Imagination fuels human action. Let’s take, for example, studied dictation, which is a normal practice in a Charlotte Mason education.
True confession: we have never, ever done it.
Ever.
Why? Because no matter how much I read about it, I couldn’t imagine doing it, nor how it ought to be done. It was totally a mental block. So then I tried to tell myself it wasn’t that important or something, but the truth was that I was deficient in vision.
And then my friend Linda taught a little tutorial on it during our language arts night at our local CM group last month. Like a flash, she changed my life. I could finally see it.
When our children read these tales from history and legend, and they see good kings being good and bad kings being bad, when they see cowardice and bravery, when they see love and hatred — when they come to love virtue (this is a sign of reading the right books) — they are building up that internal imagination that will serve them throughout their lives. They are being, in a word, enculturated.
Here’s the deal: there is no neutrality. All children are absorbing culture from someplace. So we might as well be deliberate about it.

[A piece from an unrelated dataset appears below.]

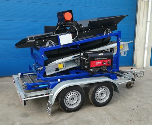De Mini Screener kan ook in 1 geheel, samen met de transportband van 2m van het chassis gehaald worden.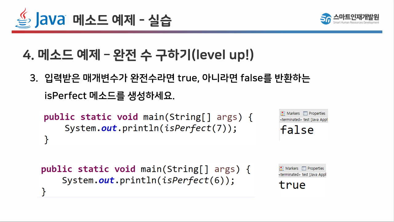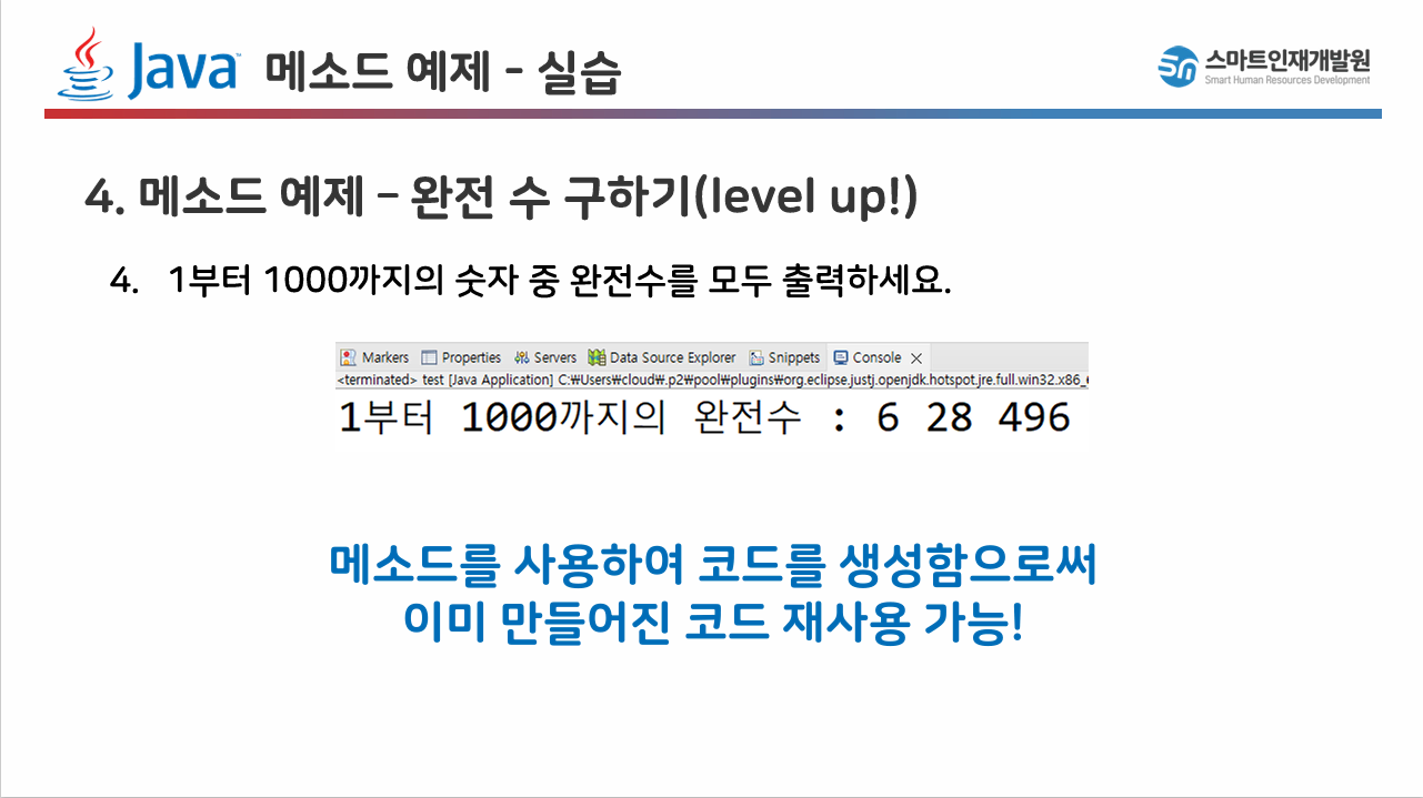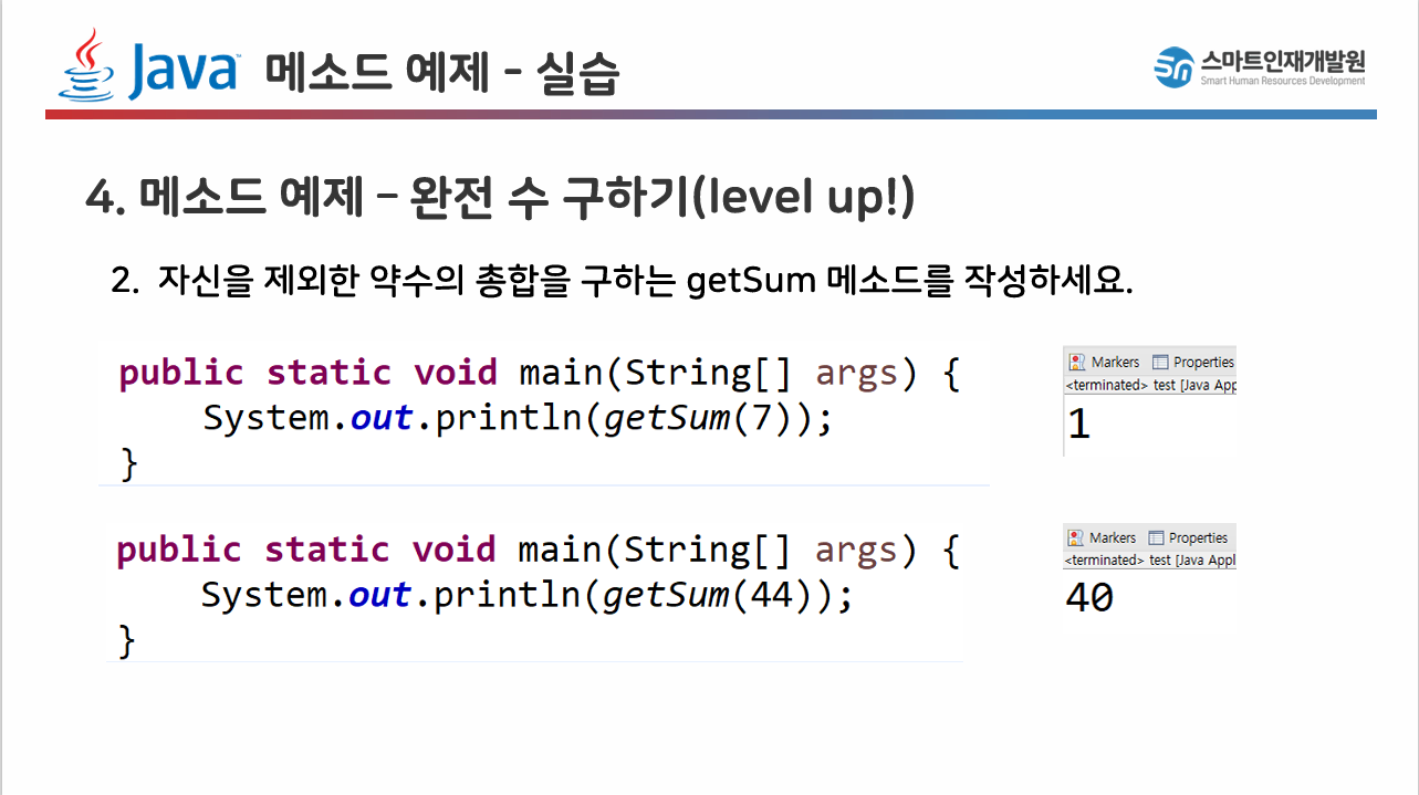 이는 메소드에서 다른 메드를 호출 가능하다는 것을 알려주는 문제입니다. 우리는 미리 만들어 놓은 약수를 구하는 기능을 getSum에서 호출해서 사용한 것입니다.

I heard a mother of a preschooler the other day bemoaning that her child was resisting writing.
At age four.
Some children really do write at four, but not very many. Those who do are outliers. We get so caught up in that sort of stuff at such young ages, and yes, of course, the child is made in the Divine Image, therefore she was created to write.
But eventually, not at four.
I just wanted to say, “Stop worrying and go read that poor child a really great book. Not a bad book, not an okay book — a great book.”
She wasn’t talking to me, though, so I practiced the art of minding my own business.
But my point remains. If the goal of education is character, virtue — if its purpose is, as Milton said, to “repaire the ruines of our first parents” — we have to figure out how to do that. And Miss Mason is saying that we start with the imagination — with enculturation.
Story is more important than we think.